English

Pittsburgh Symphony musicians’ strike ends with pay cuts and concessions

After a 55-day strike, musicians of the Pittsburgh Symphony Orchestra (PSO) were forced to accept massive concessions, including a 7.5 percent pay cut, the elimination of defined benefit pensions and the effective elimination of positions.

The defeat is part of a growing attack on the arts and orchestra musicians throughout the country in particular, as public funding is being cut and private funders are demanding more control in exchange for their contributions. Musicians of the Fort Worth Symphony Orchestra are still on strike, and musicians of the Pacific Symphony Orchestra, located in the San Gabriel Valley near Los Angeles, have been without a contract since August 31.

Details of the five-year contract with the PSO reveals the extent of the attack. Musicians will see their pay cut by 10.5 percent in the first and second year of the contract, although a donor has agreed to provide additional compensation reducing the wage cut to 7.5 percent. There is a 3.3 percent and a 2.0 percent raise in the third and fourth year, meaning that musicians’ pay will be cut by 4.0 and 2.0 percent in each of those years. Only in the final year of the contract are wages restored to the current level.

Over the course of the contract, the cumulative impact of the wage cut will mean that musicians will have given up over $22,000, not accounting for inflation. This amount grows to more than $40,000 if even a modest inflation rate of 2 percent is figured in.

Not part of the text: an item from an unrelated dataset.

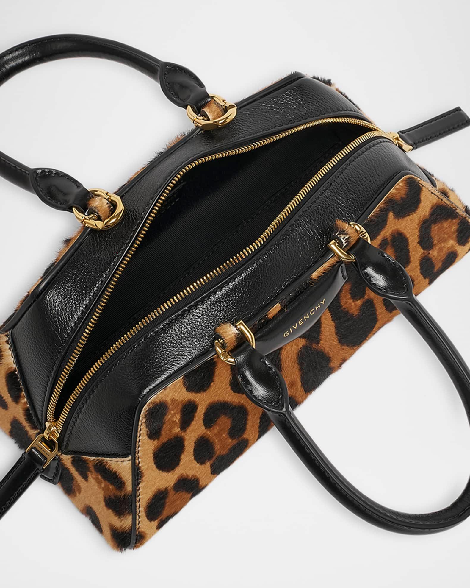 This Givenchy "Antigona" slim east-west mini top handle bag is made in shiny buffalo leather and leopard-printed natural/dyed calf hair (Italy) Rolled top handles Two-way zip top closure Lining: Viscose Approx. 4.3"H x 9.4"W x 4.3"D Made in Italy

Current pensions will also be frozen, and the defined benefit pension will be replaced with a 401(k) plan. Three currently vacant positions will remain unfilled for the life of the contract, although the PSO has agreed to maintain the current number if further musicians leave.

While not part of the contract, 10 other staff positions will be eliminated. CEO Melia P. Tourangeau will take a pay cut, although the amount has not been made public.

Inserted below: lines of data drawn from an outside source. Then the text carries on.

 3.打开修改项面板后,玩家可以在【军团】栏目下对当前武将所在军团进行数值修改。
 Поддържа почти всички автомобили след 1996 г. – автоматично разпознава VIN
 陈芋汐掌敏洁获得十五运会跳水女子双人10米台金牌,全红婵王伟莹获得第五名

This is the fourth concessions contract that the musicians have accepted. In the run-up to the current round of negotiations, PSO management prepared a report that showed the organization would lose some $20 million over the next five years.

In seeking to present the cuts to musicians and staff as equality of sacrifice, PSO Board of Directors Chair Devin McGranahan said, “There is no question that it is necessary for the management team and the musicians to embrace a significant amount of shared pain so that we can find a way forward.”

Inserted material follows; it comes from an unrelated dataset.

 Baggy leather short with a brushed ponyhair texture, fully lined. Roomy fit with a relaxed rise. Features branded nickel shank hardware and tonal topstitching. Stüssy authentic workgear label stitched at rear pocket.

It is easy for McGranahan to call upon musicians and staff to accept “shared pain.” He himself is a multimillionaire and president of the Billing and Payments Group at Fiserv Inc., a company that specializes in corporate cost-cutting.

Both Pittsburgh Mayor William Peduto and Allegheny County Chief Executive Richard Fitzgerald supported the attack on the musicians. Both Democrats, Peduto and Fitzgerald sit on the PSO Board of Directors that sanctioned the cuts and pressured the musicians to accept the cuts.

The attack on the PSO musicians underscores the class character of funding for the arts and arts education under capitalism. Foundations and large donors that account for about one third of the PSO’s budget withheld or threatened to withhold donations until cuts were made. Music, art and the humanities are considered a privilege for the rich to enjoy rather than a basic human right.

For most workers, tickets to attend a PSO concert are out of everyday reach. Even tickets high in the balcony are more than $40 each. A trip to the Carnegie Museum for a family of four costs well over $100.

Since 2009, cuts to education in Pennsylvania have meant that in most schools in the Pittsburgh region, art and music education has been cut to only one day a week or eliminated altogether.

Under the Obama administration, funding for the National Endowment for the Arts has been cut by nearly a third and is likely to be completely eliminated under the Trump administration.

The $1.5 million annual deficit of the PSO is less than a third the cost of a single Predator drone. The PSO’s entire $32 million annual budget is roughly 1 percent of the cost of a single Virginia Class nuclear submarine.